Alexander Ziegler (8 March 1944 – in Zürich; 11 August 1987 in Zürich) was a Swiss author and actor.

Ziegler studied drama at the Max Reinhardt Seminar in Wien (1960/1961). He was an actor in Spring Awakening, a play by Frank Wedekind, in 1964. He was also an actor in the American television series Boys and Girls, created by Fred Mallow.

Openly gay, in 1966, he was imprisoned for two years because of his gay friendship with a 16-year-old named Stephan. While in prison, he wrote his first work, Labyrinth (1966).
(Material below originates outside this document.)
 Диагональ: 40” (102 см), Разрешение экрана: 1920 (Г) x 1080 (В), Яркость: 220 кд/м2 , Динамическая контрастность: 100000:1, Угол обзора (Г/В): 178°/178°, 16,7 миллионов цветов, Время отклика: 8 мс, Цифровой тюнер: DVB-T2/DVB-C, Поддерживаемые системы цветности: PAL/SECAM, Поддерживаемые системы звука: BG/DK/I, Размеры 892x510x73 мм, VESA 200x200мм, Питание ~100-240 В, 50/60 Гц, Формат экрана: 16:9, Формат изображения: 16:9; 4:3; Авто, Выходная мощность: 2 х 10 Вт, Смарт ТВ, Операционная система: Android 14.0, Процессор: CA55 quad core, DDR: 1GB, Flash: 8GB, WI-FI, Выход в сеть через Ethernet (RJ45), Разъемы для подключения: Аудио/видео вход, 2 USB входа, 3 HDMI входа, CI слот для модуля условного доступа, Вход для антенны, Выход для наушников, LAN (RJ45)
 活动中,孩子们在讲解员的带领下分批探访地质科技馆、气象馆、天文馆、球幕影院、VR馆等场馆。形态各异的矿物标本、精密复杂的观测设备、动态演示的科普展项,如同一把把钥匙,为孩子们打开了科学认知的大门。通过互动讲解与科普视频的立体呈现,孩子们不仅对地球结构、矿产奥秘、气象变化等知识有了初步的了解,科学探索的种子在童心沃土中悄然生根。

After he was released from prison, he worked as a journalist and author from 1971 to 1979 for the German gay magazine DU&ICH. He wrote many other articles and books.

In November 1977, his work Die Konsequenz was filmed and shown on German television. Actors in the film Die Konsequenz were Jürgen Prochnow as Martin Kurath and Ernst Hannawald as Thomas Manzoni.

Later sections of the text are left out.